EXERCISE DIRECTIONS:
Hand back, word for word, the lines from the one containing "LUNALAE Courtney V Neck Top Recycled BLACK" to the end of the records, both included, and leave out pictures.

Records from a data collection
·····

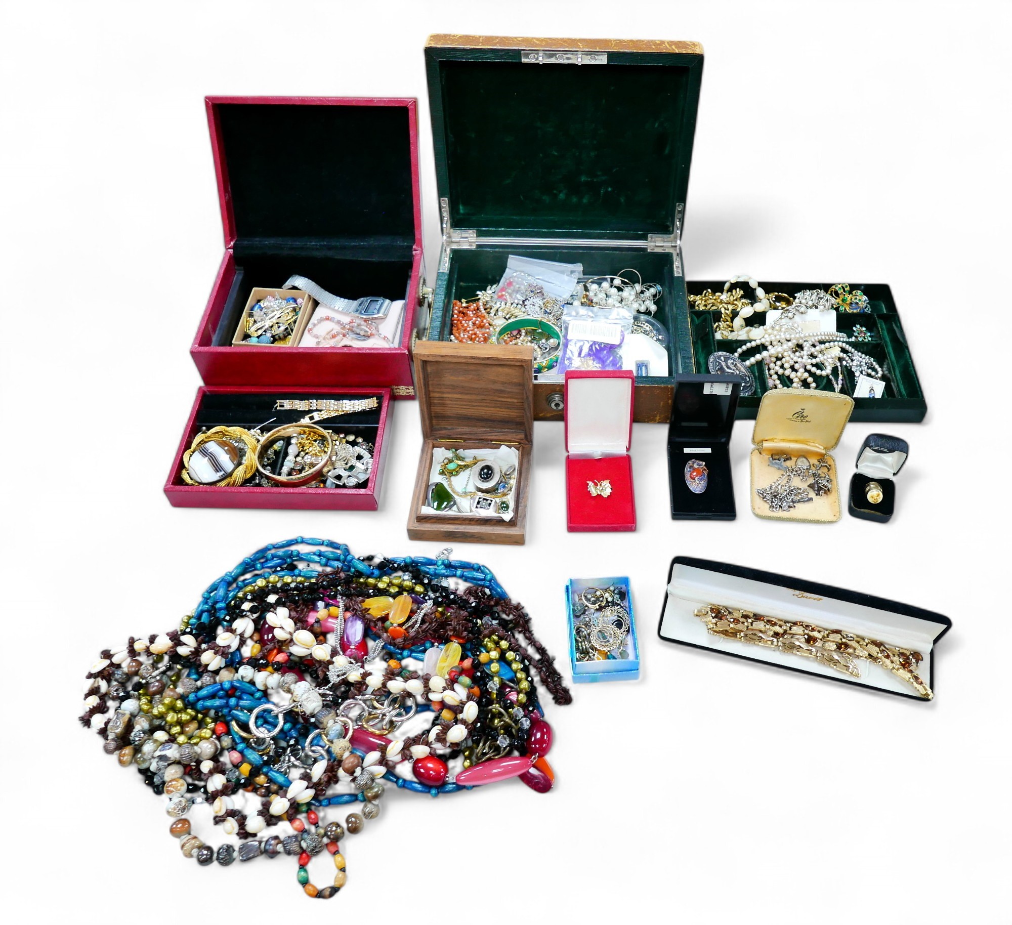 A large collection of costume jewellery, including, necklace...
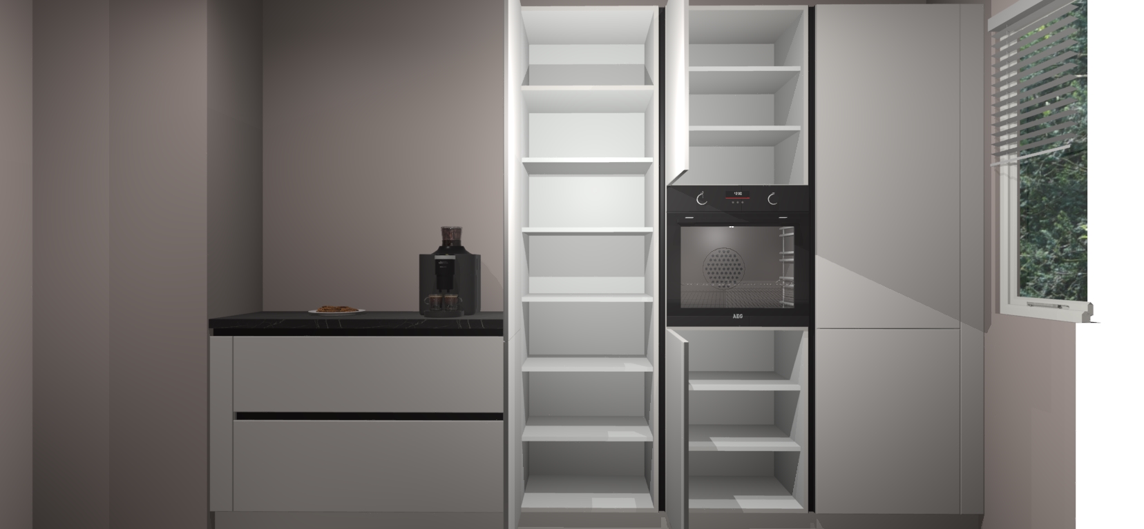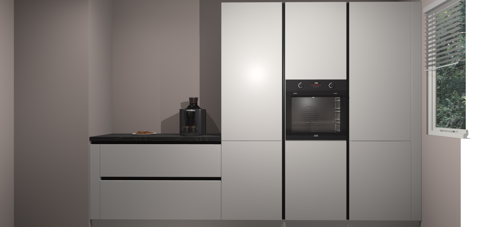 Een stijlvolle en praktische keuken als deze mag gezien worden. Dankzij de prachtige Zijdegrijze matte afwerking wordt de keuken gemakkelijk het middelpunt van uw huis - hij ziet er geweldig uit onder allerlei lichtomstandigheden, van dag tot nacht!
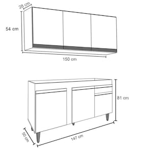 Dimensões dos Produtos (Largura x Altura x Profundidade): Armário Aéreo: 150 x 54 x 28 cm.
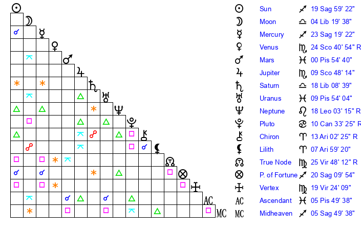 | Mercury | 22 Sagittarius 30 | 0 Sagittarius 24 | 19 Pisces 58 |
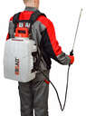 Плечевая оснастка с мягкой подкладкой обеспечивает комфорт при длительной работе. А телескопический брандспойт с регулируемой длиной позволяет обрабатывать даже труднодоступные участки.
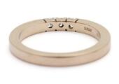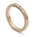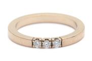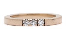Diamantring af 14 kt. rosaguld prydet med tre brillantslebne diamanter. Vægt ca. 4 g. B. 3 mm. Str. 55.
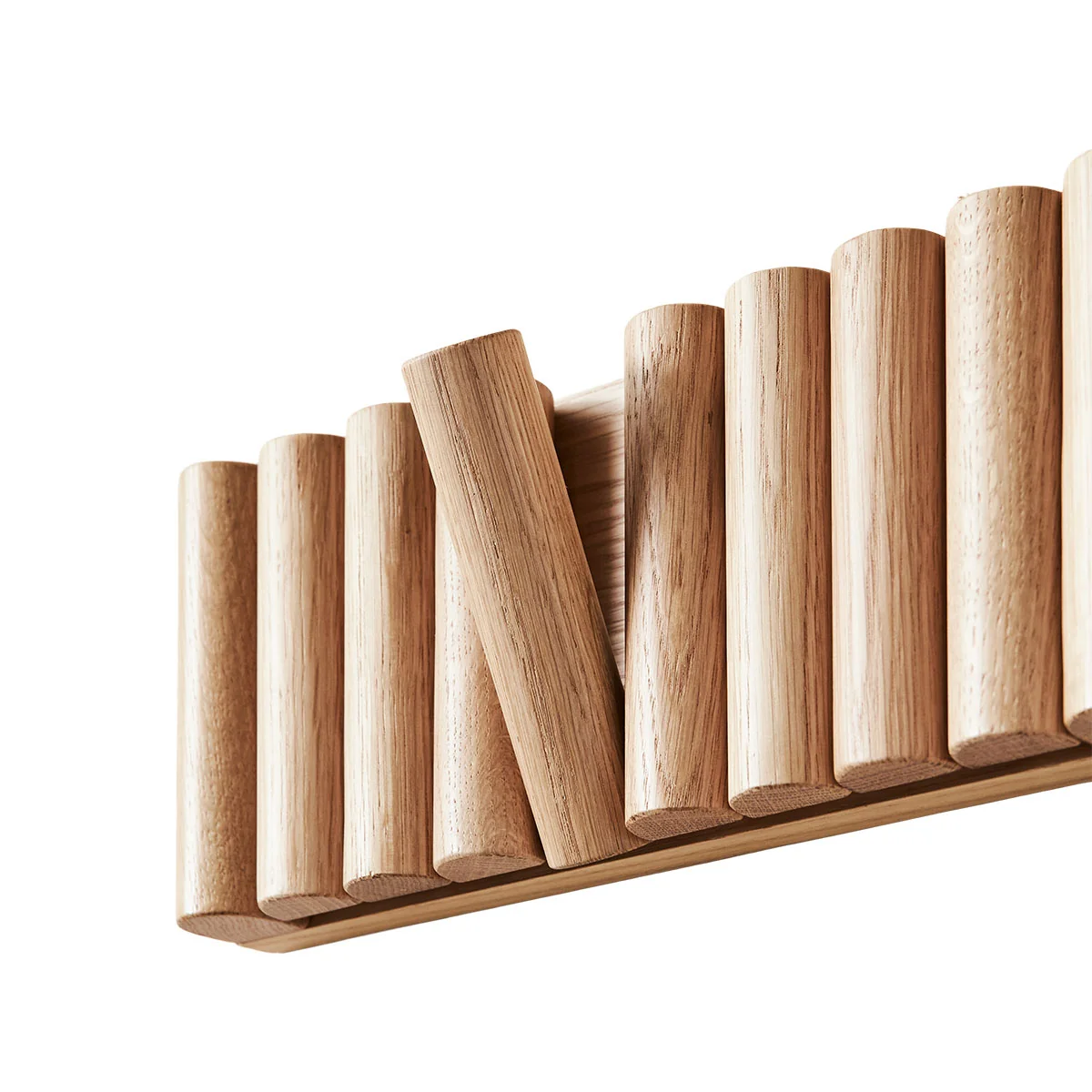 Die Mono Wandgarderobe von Andersen Furniture ist ein Zeugnis der Schlichtheit und Eleganz, gefertigt aus massiver Eiche. Sein Design verkörpert eine minimalistische Ästhetik, wobei die helle Eichenoberfläche jedem Innenraum ein Gefühl von Wärme und Ausstrahlung verleiht. Die Garderobe verfügt über mehrere Haken in einer einzigen Einheit und erleichtert das Aufhängen von Oberbekleidung und Kleiderbügeln, indem man einfach einen der Haken nach unten kippt.
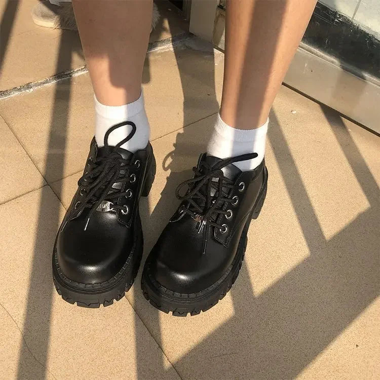 Zapatos planos de mujer tipo Mary Jane | Moda retro con plataforma chunky elegante.
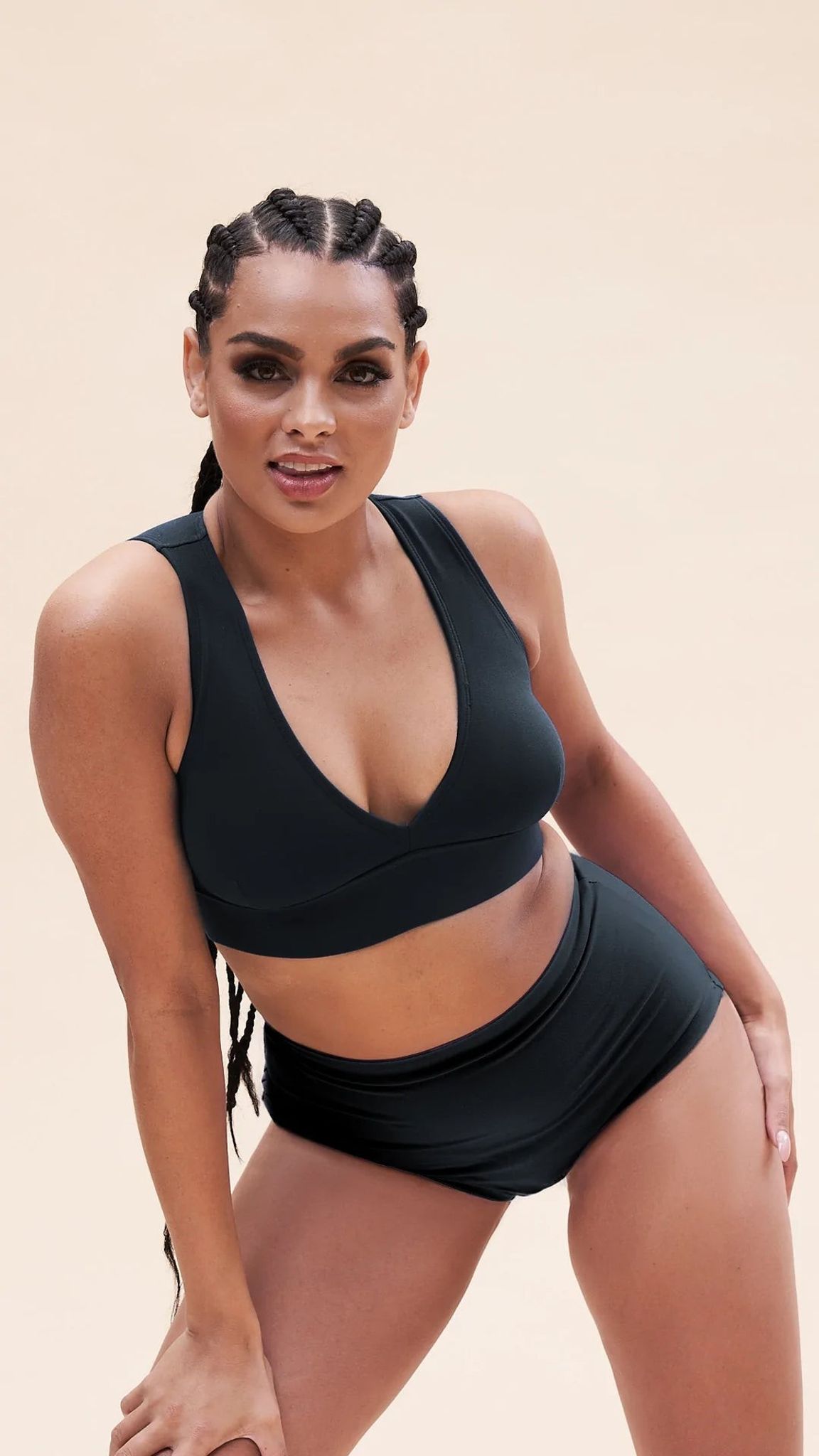 LUNALAE Courtney V Neck Top Recycled BLACK
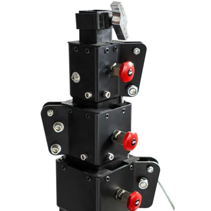 This equipment can be used both indoors and outdoors and is suitable for industrial, commercial, or domestic installations. The material hoist consists of three telescopic steel sections with a black powder coating and special scratch-resistant properties. This, combined with the fact that all components are made of stainless steel, makes the material hoist ideal for outdoor use and guarantees maximum corrosion resistance.

·····

EXERCISE RESPONSE:
 LUNALAE Courtney V Neck Top Recycled BLACK
 This equipment can be used both indoors and outdoors and is suitable for industrial, commercial, or domestic installations. The material hoist consists of three telescopic steel sections with a black powder coating and special scratch-resistant properties. This, combined with the fact that all components are made of stainless steel, makes the material hoist ideal for outdoor use and guarantees maximum corrosion resistance.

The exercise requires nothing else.